Upload the full skill bundle to S3 (SKILL.md + references/ + scripts/ + assets/ — captures adjacent files that store-skill doesn't. The packager filters wisdom-gen sidecars: evidence.json and injection.json unconditionally, plus metadata.json only when its content matches the wisdom-gen shape (has both skill_id and run_id keys) — third-party metadata.json files with other shapes still travel. ROI already rides in the SKILL.md frontmatter). Idempotent: re-running the same iteration replays the prior upload without producing duplicate rows.
BUNDLE_DIR="$(dirname "$SKILL_PATH")"
uv run --directory "$MEGA_DIR" python -m mega_code.client.prebuilt_upload \
--skill-id "$SKILL_NAME" \
--bundle-dir "$BUNDLE_DIR" \
--iteration "$ITERATION_NUM" 2>&1
If the prebuilt-upload command succeeds (look for the SUCCESS: prebuilt-upload line), tell the user the bundle was uploaded to S3. If it fails (non-zero exit), show the error and warn that the bundle wasn't uploaded — the local + Postgres writes still succeeded. Do not retry inline; a fresh /mega-code:skill-enhance run with the same iteration will replay automatically.

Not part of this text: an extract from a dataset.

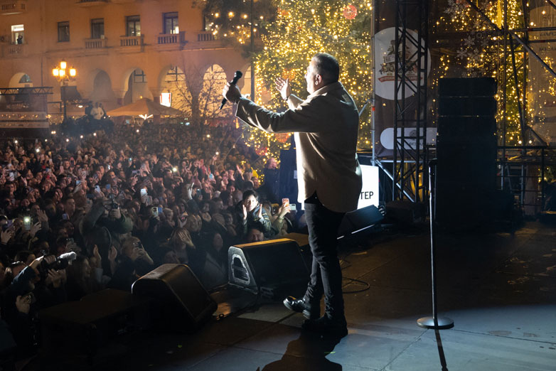Γιορτινές μελωδίες και παραδοσιακά κάλαντα δημιούργησαν μια ζεστή, εορταστική ατμόσφαιρα, ενώ τη στιγμή που το επιβλητικό χριστουγεννιάτικο δέντρο φωτίστηκε, ο ουρανός της πόλης γέμισε με αμέτρητα πυροτεχνήματα, δημιουργώντας ένα εντυπωσιακό θέαμα.

Ask the user if they want to iterate:
"The skill has been enhanced and saved. The original is backed up at $ITER_DIR/original-skill.md. Would you like to run another iteration to validate the enhancement?"
If the user wants another iteration:
ITER_JSON=$(uv run --directory "$MEGA_DIR" python -m mega_code.client.eval_workspace \
create-iteration --skill-name "$SKILL_NAME" --skill-path "$SKILL_PATH" 2>&1)
read ITER_DIR ITERATION_NUM < <(echo "$ITER_JSON" | tail -1 | python3 -c "import sys,json; d=json.load(sys.stdin); print(d['path'], d['iteration'])")
If the user is done, show a summary of what was done and where the files are.